Re: 50D & SX1 Replacements Next Week?
I shoot both video and stills with my 5D mark II. What I would feel would be revolutionary upgrade, would be fixing the absolutely worst problem in the current line of HDSLRs:
- it is the aliasing. It is bloody awful and it is everywhere. Aliasing is bad, it is evil, it eats all the resolution!
I have 5D mark II and it suffers from severe aliasing. After starting to notice it, I see it everywhere, and it sucks. It ruins the resolution and the video is not really true very high definition because of the aliasing despite being theoretically 1920x1080 pixels, 5D has no more than 720p resolution in reality with the aliasing artefacts. With this line-skipping image shrinking algorithm for video ruins the video resolution.
If they would just fix this issue, have pixel perfect 1080p recording without aliasing, without any other advancements, it would be enough for me to consider upgrading my 5D mark II for the new camera. All the other flaws are okay and I can live with them, but the aliasing, due to bad line-skipping algorithm instead of interpolating from the pixels, really ruins the image. Revolutionary video becomes with this aliasing flawed video.
The second thing I would hope for would be higher bitrate for video.
I would be happy with the current 5D still photo features, I would not be wishing for anything else, I can take great stills on my 5D, the video section is what is the flawed one on it. What I am only asking for would only require a faster processor in the camera and a better algorithm and that would be all that would be needed for revolutionary upgrade. Implementing the software, if the CPU/DSP capacity was there, should not be a big deal. This really should be on top of the product backlog. Fix this and then there are grounds to make the camera better. By not fixing this, it does not matter how nice other things are there or aren't there, because this problem is a blocker.
If your eye does not catch aliasing yet, please read this:
http://www.dvxuser.com/articles/article.php/20
Be warned, after you begin seeing it, you will see it all the time on 5D mk II, 7D, 1D MKIV or 550D video footage. I even saw in some Sony NEX-VG10 test video similar aliasing (I was thinking that maybe because it is supposed to be video camera, it would be free from that flaw, but even it seemed to have in this one Zeiss test video super terrible aliasing on vertical lines, about as bad as my 5D does). If Canon does it right, they concentrate their efforts on this most severe problem of the 5D mark II that cripples the video and makes the footage to scream "this is video!" instead of having the feeling of "film like" or better. By fixing only this flaw (and maybe increasing bitrate), the Canon becomes a great cinema tool, even without recording raw. Of course, if it recorded straight ProRes 422 and maybe had 2K resolution (slightly better than HD), it would be superb, but I would like to stay realistic with wishes from big corporation that potentially moves slowly and potentially has product managers who don't know or don't see what aliasing is and how terrible and bad it is and how it ruins the video from HDSRLs and how severe the problem really is. Look at the resolution charts. Once you see the problem, you can see that it is not only the resolution charts, but real actual footage that looks crappy because of it, and it even makes the compression to work badly because there are sharp lines that should not be there and they eat the bits that could be otherwise used to save real pixel data.

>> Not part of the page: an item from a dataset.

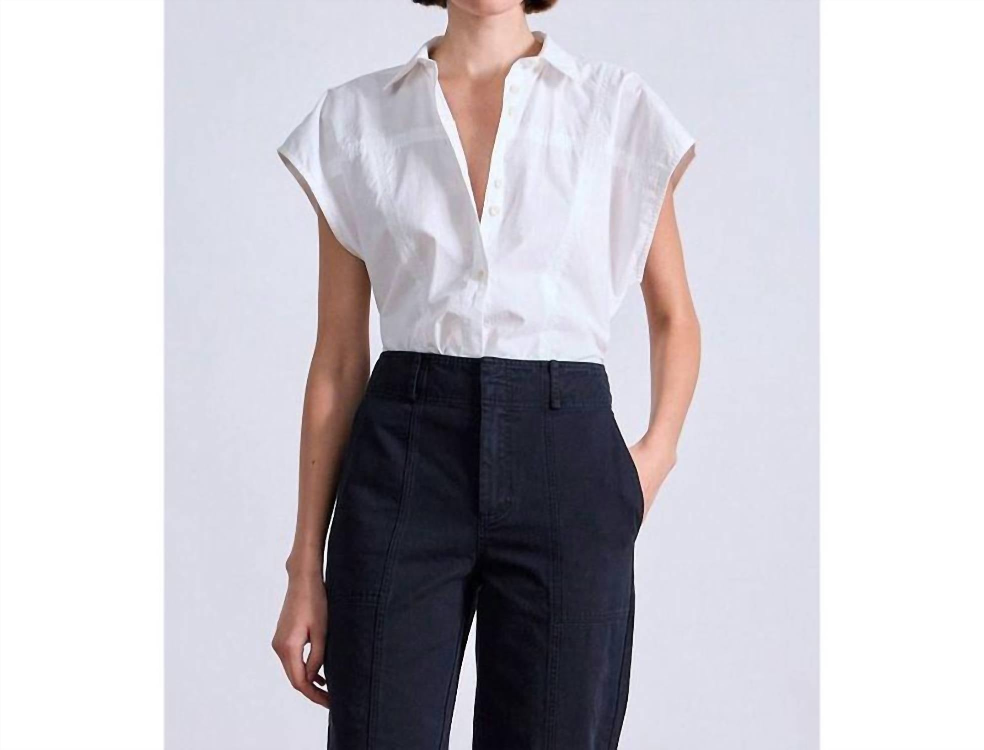 A versatile blouse that works from desk to dinner! Introducing the Toni Sleeveless Top by Apiece Apart, a chic choice for any minimalist wardrobe. This solid cream blouse features cap sleeves and is crafted from 100% organic cotton. Made in India, it boasts a stylish collar and secure button closure for a refined finish. Care for this piece by machine washing it and laying it flat to dry.

No more AF points or whatever, I don't care a bit, I use manual focus on video anyway, I only want to get rid of aliasing and will then live happily ever after! I would be even happier though if it came with better codecs, full-HD unobstructed HDMI output etc., but before that the basic biggest issue should be fixed, please Canon fix the aliasing, please! I don't really care about new lenses at the moment or whatever accessories, I am happy with the L-lenses I have currently, but they don't matter if the camera records flawed pixels because of aliasing. That is worse than worst chromatic aberration I have ever seen on any lens. Lines and colors are generated out of nowhere because of skipped lines. I unfortunately can't afford Red (which of course does not have these issues at all, their cameras are not line skipping), I want that Canon fixes this issue for their next models.